IS elements are inserted in the host DNA at the target site. During their insertion in the host DNA, the target site of the IS elements become duplicated to yield direct repeats at both the ends of the IS element.
For example, the target site is duplicate and flanks the IS element on both sides as direct repeats (Fig. 5.2). The length of the direct repeat for any particular IS element is constant the most common being 9 bases.
The protein responsible for transposition of IS element is called transposase; the gene coding for transposase falls between the terminal inverted repeats. IS1 has two separate reading frames, while other IS elements have only one reading frame. The general rate of transposition is 10-3 to 10-4 cells per IS element per generation.
2. Composite Transposons:
Composite transposons are larger transposons which possess a central region bracketed on each side by IS elements, and one or both the IS elements may enable the transposition of the complete transposon.

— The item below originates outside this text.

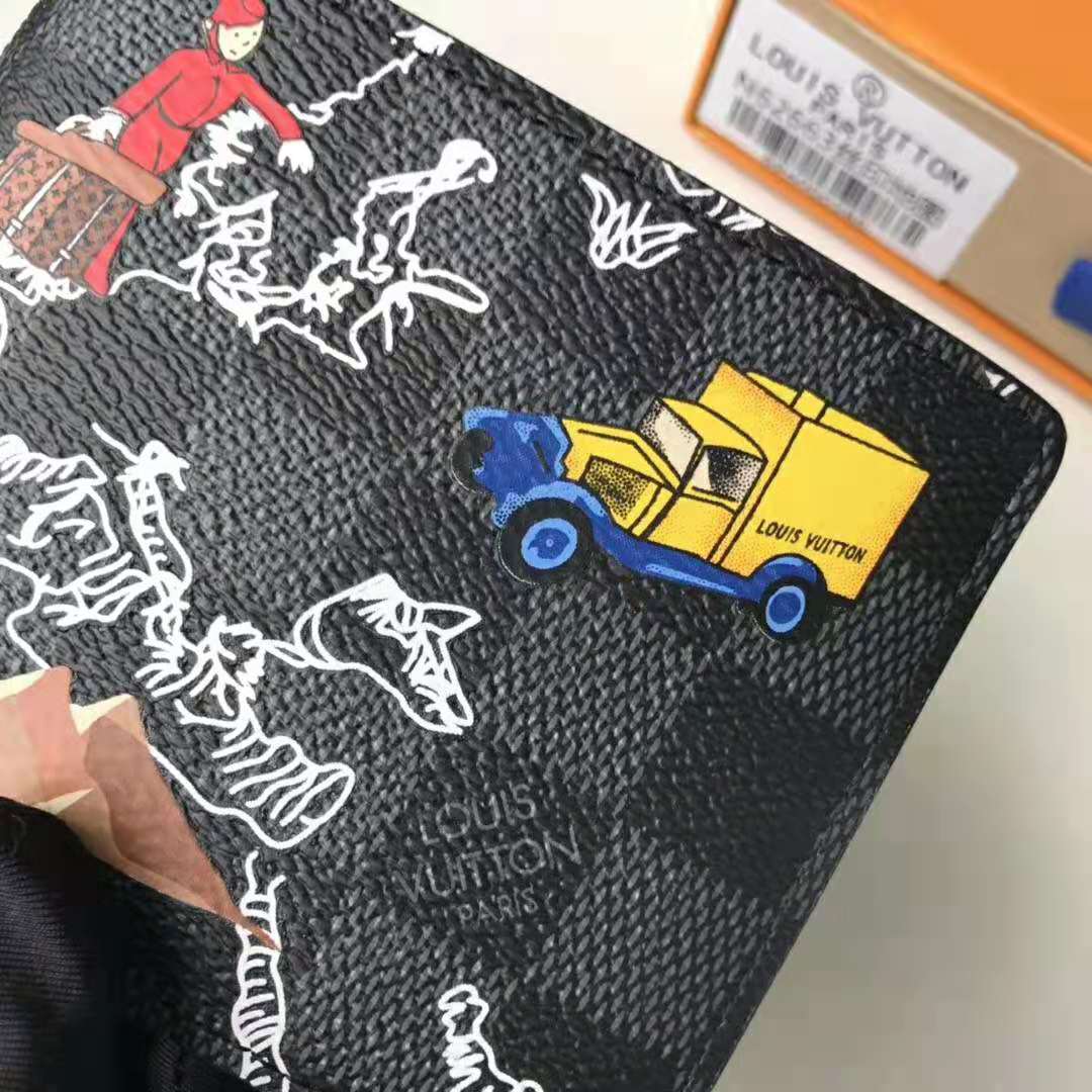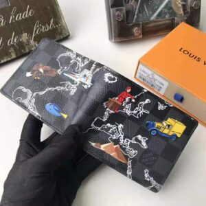 Made from Damier Graphite canvas, this Slender Wallet is decorated with a map of Europe and colorful illustrations evocative of Renaissance cartography.

The IS element located on one side of the transposon is designated L (left), while that on the other side is designated as R (right) (Fig. 5.3).
Composite transposons carry genes for drug resistance or other functions besides the functions related to transposition. Some transposons contain genes for resistance to antibiotics like ampicillin (ampR), tetracycline (tetR), kannamycin (kanR) etc. Table (5.2). Composite transposons are designated by Tn, followed by a number, e.g., Tn5, Tn9, Tn10 and Tn 903 etc.
The transposon Tn9 contains IS1 as direct repeat on both the sides, while Tn903 contains IS903 as inverted repeats on both its sides. But some Tn elements have IS modules at their two ends that differ from each other to a limited extent, e.g., Tn5 contains IS50 but the left (L) and right (R) modules differ for one base pair so that the left module has become nonfunctional (Table 5.2).
Both the IS1 modules of Tn9 are presumed functional. The IS10R of Tn10 is functional, while IS10L is nonfunctional. The functional IS module can transpose either alone or along with the whole transposon. The gene coding for the enzyme transposase is located within the IS module. This enzyme creates a target site and also recognizes the two ends of the complete transposon.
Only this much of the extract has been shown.